Assignment 2
Assignment 2
Assignment 2
PART 1
Ques 1: In general, why is statistics conducted? Explain.
Answer: Statistics is conducted to give meaning to quantitative data. It converts it into
meaningful information and helps making inferences from the data. It aids in measuring things,
examining relationships, making predictions, testing hypotheses, developing concepts and
theories, exploring problems and in explaining behaviors or attitudes.

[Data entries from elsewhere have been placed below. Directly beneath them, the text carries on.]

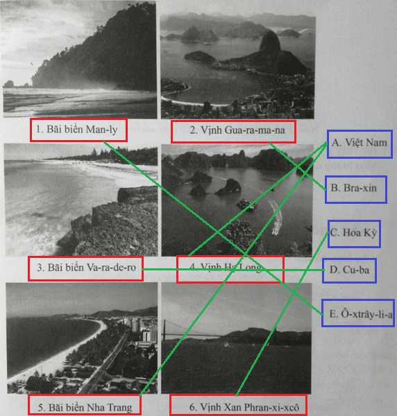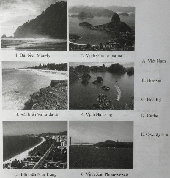 Câu 5 trang 75 sách bài tập Địa Lí lớp 6: Ghép tên các ảnh bãi biển hay vịnh biển với tên nước sao cho đúng.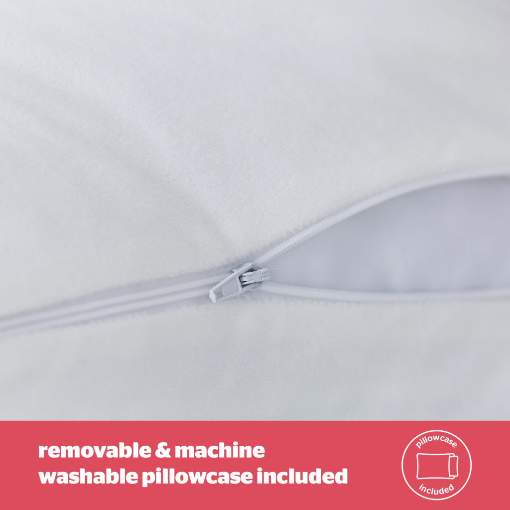 Irresistibly soft yet supportive providing complete body support when sleeping, or relaxing. The pillow is filled with fluffy fibres and wrapped in cosy microfibre offering squishy, cuddly softness for your full body. The removable velvet touch cover is effortlessly smooth and huggable.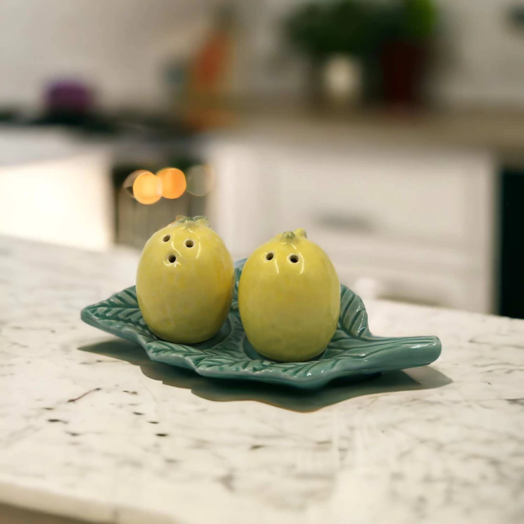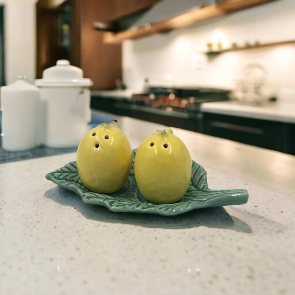 CONJUNTO SALEIRO E PIMENTEIRO COM BANDEIJA POSITANO SCALLA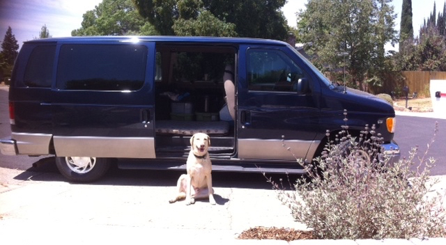 Well two days in and we have already had an adventure…  Everything got off to a good beginning on Monday even though we had a late start.    We stopped a few times in the forests and went for some short walks.   My favorite stop though was in Downieville where I got to wade in the river (no rock digging though).   We finally  made it up to Plumas National Forest where we camped for the night.    As you can see we didn’t set up the tent and I had my first night sleeping in the van.   It was a little warm at first but I got Roger to open the windows and then it was OK.    And I don’t think any sneaky bears came around looking for food.   Got to run for now.   Will update you on Tuesdays big adventures a little later.
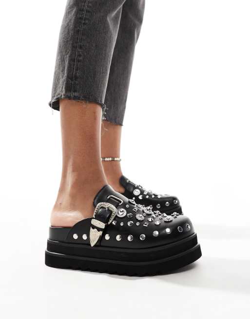 Azalea Wang – Swiftly – Czarne płaskie kowbojki z metalowymi wstawkami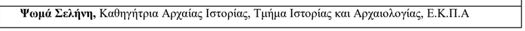 • Σελήνη Ψωμά, Καθηγήτρια Αρχαίας Ιστορίας, Τμήμα Ιστορίας και Αρχαιολογίας, ΕΚΠΑ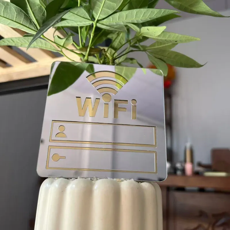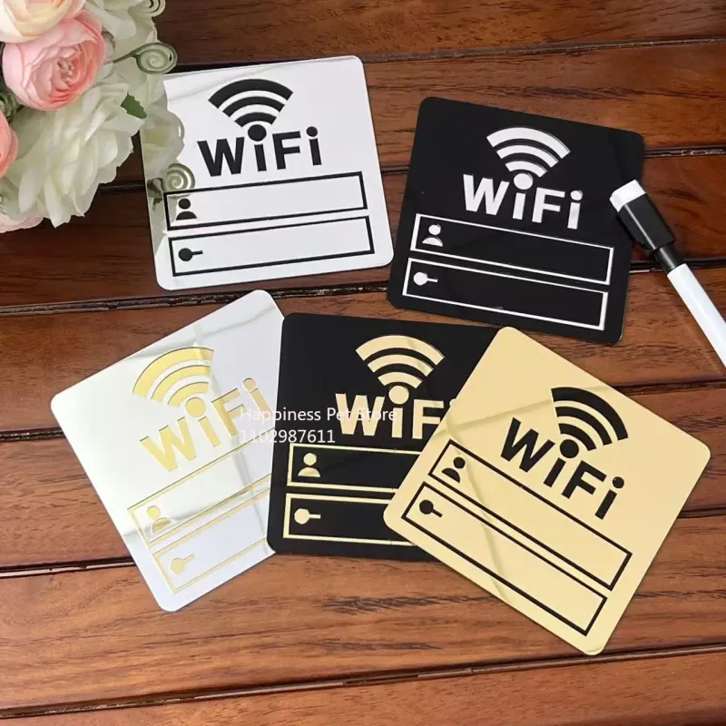 WiFi Sign Sticker Mirror Surface Account Password Acrylic WiFi Sign 3D Mirror Wall Sticker for Public Places House Shops Home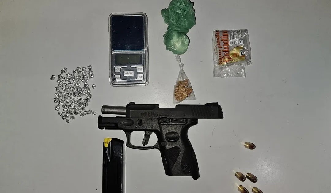 Em posse das informações, os policiais deslocaram até o referido ponto indicado, onde foi localizado escondido uma Pistola Taurus G2C 9mm, cinco munições intactas de igual calibre, um invólucro plástico com 11 gramas de um pó branco análogo a cocaína, 72 pedras e uma embalagem contendo 8 gramas de crack e uma balança de precisão.

Ques 2: What is the meaning of ‘inference’ as it relates to populations and samples? Why
is ‘random sampling’ relevant when it comes to inference?
Answer: Inference means drawing conclusions from a given sample from the population. On
making an inference, you generalize the population based on the sample provided to you.
Random Sampling becomes relevant as it makes sure that the findings you get from your sample
should be close to what you would have gotten if you measured the complete population. All the
units in the population have an identical chance of being chosen using the simplest random
sample.
Ques 3: The following question pertain to p-values
PART 2
1. Is the statement below true or false? Explain your answer.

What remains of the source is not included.